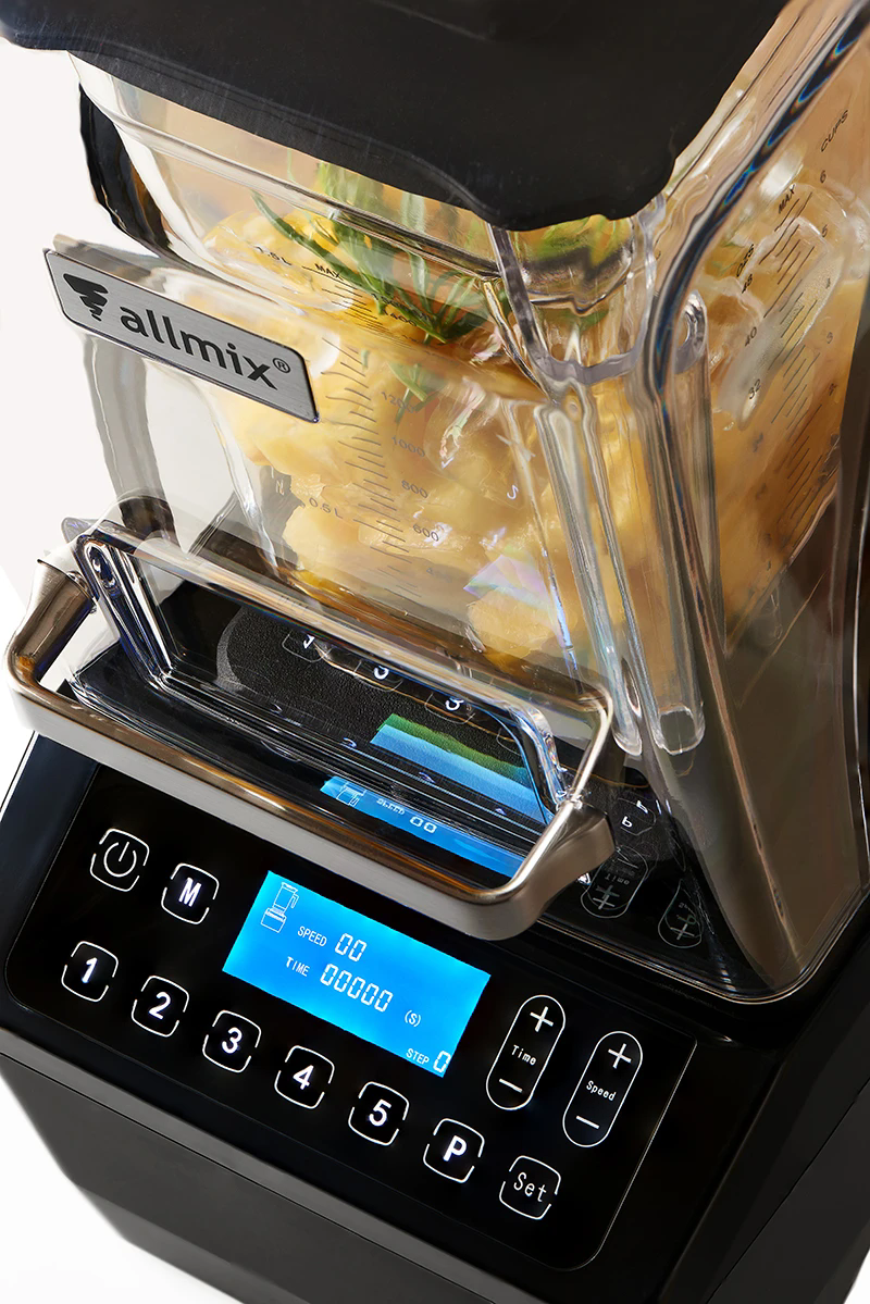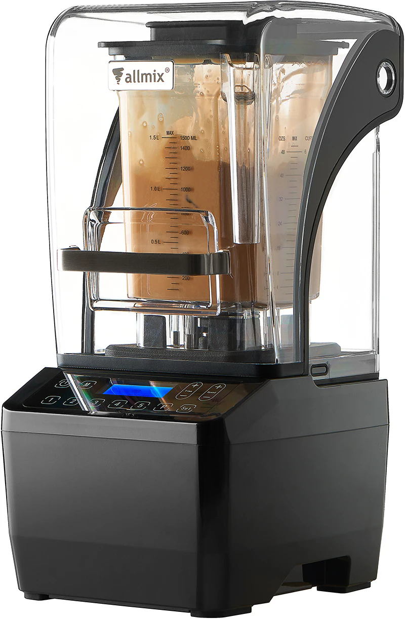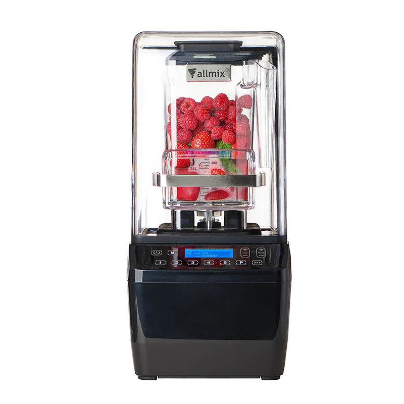 Блендер Allmix AMX-885 мощностью 1500 Вт. со звукоизолирующим кожухом из поликарбоната, тачскрин клавиатурой из минерального стекла с подсветкой, графическим дисплеем, приводом "металл-металл" и возможностью создания собственных программных циклов непосредственно с клавиатуры блендера.
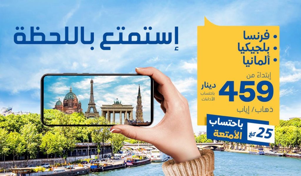 فابتداء من 459 دينارا فقط للتذكرة ذهابا وإيابا تتضمن 25كلغ باحتساب الأمتعة، بامكان حرفاء نوفلار السفر بعرض مغري نحو وجهاتهم المفضلة والتي تشمل :
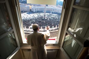 Pope Francis greets the crowd as he leads the Angelus from his studio overlooking St. Peter’s Square at the Vatican Jan. 29. (CNS photo/L’Osservatore Romano, handout)
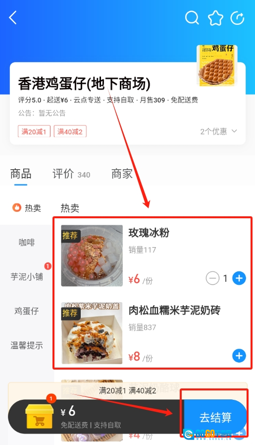 3、看到想吃的菜品就点旁边的加号选数量,确认后点击结算等送餐。
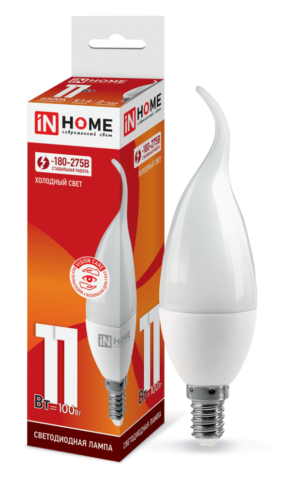 Лампа светодиодная LED-СВЕЧА НА ВЕТРУ-VC 11Вт 230В Е14 6500К 1050Лм IN HOME
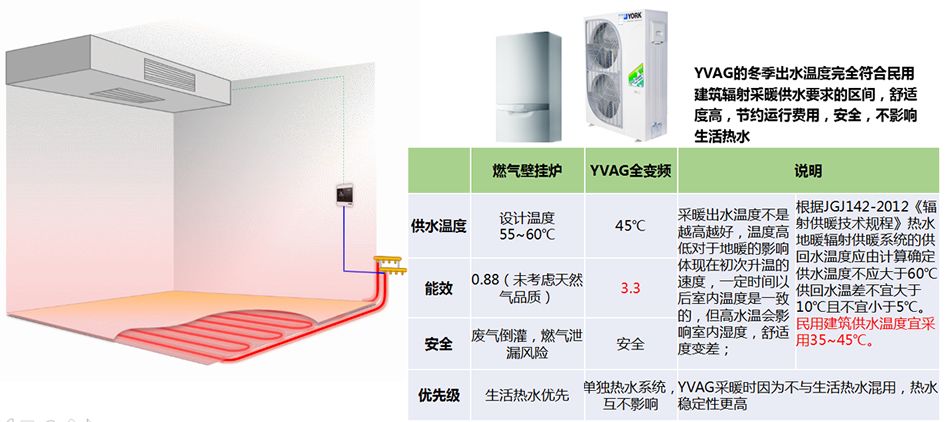 ③采用YORK家用水系统中央空调二合一系统,一机两用运行费用比天然气费低很多,舒适度更高;
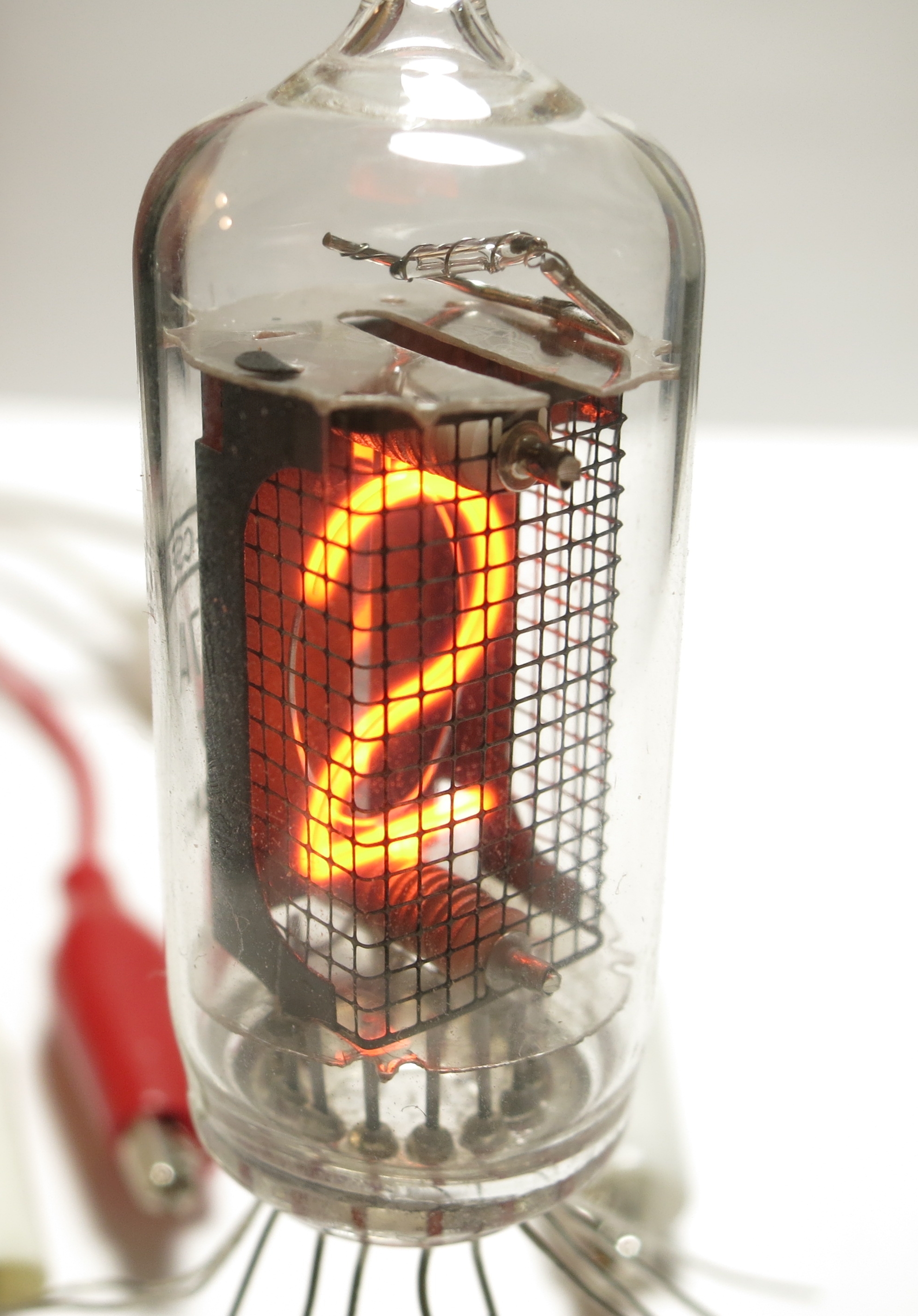 The TAF1267A is a numeric tube, but it only displays the digits 0, 1, and 2. Most likely it was used to display the tens (or hundreds, and so on). Here you can see the glowing display:
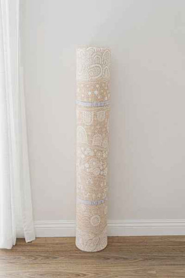 Ironically, this age old art brings modern life to the living room. Layers of hand drawn IVORY and soft walnut tones create a textured piled rug feel, camouflaging a baby play mat in order to compliment your home décor.
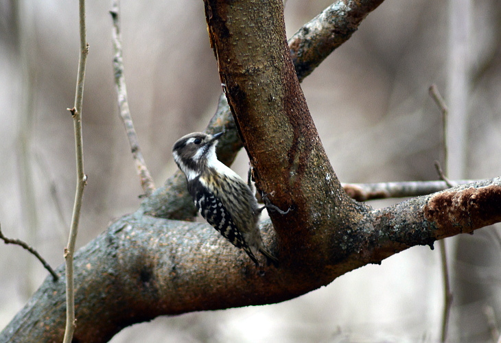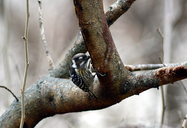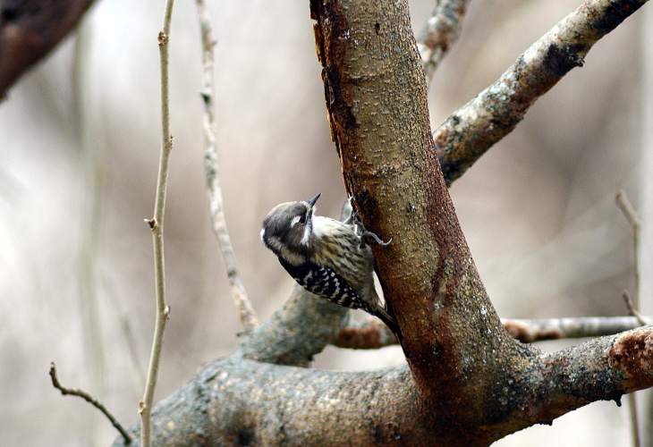 コゲラは結構逃げずにいてくれますので、撮る機会の多い小鳥です。今回も一生懸命に餌を探していて、なかなか逃げませんでした。

**TASK TO COMPLETE**
Copy only these lines from the records above, exactly: the one with "③采用YORK家用水系统中央", the one with "The TAF1267A is", and those between. Skip the pictures.

**TASK RESULT**
 ③采用YORK家用水系统中央空调二合一系统,一机两用运行费用比天然气费低很多,舒适度更高;
 The TAF1267A is a numeric tube, but it only displays the digits 0, 1, and 2. Most likely it was used to display the tens (or hundreds, and so on). Here you can see the glowing display:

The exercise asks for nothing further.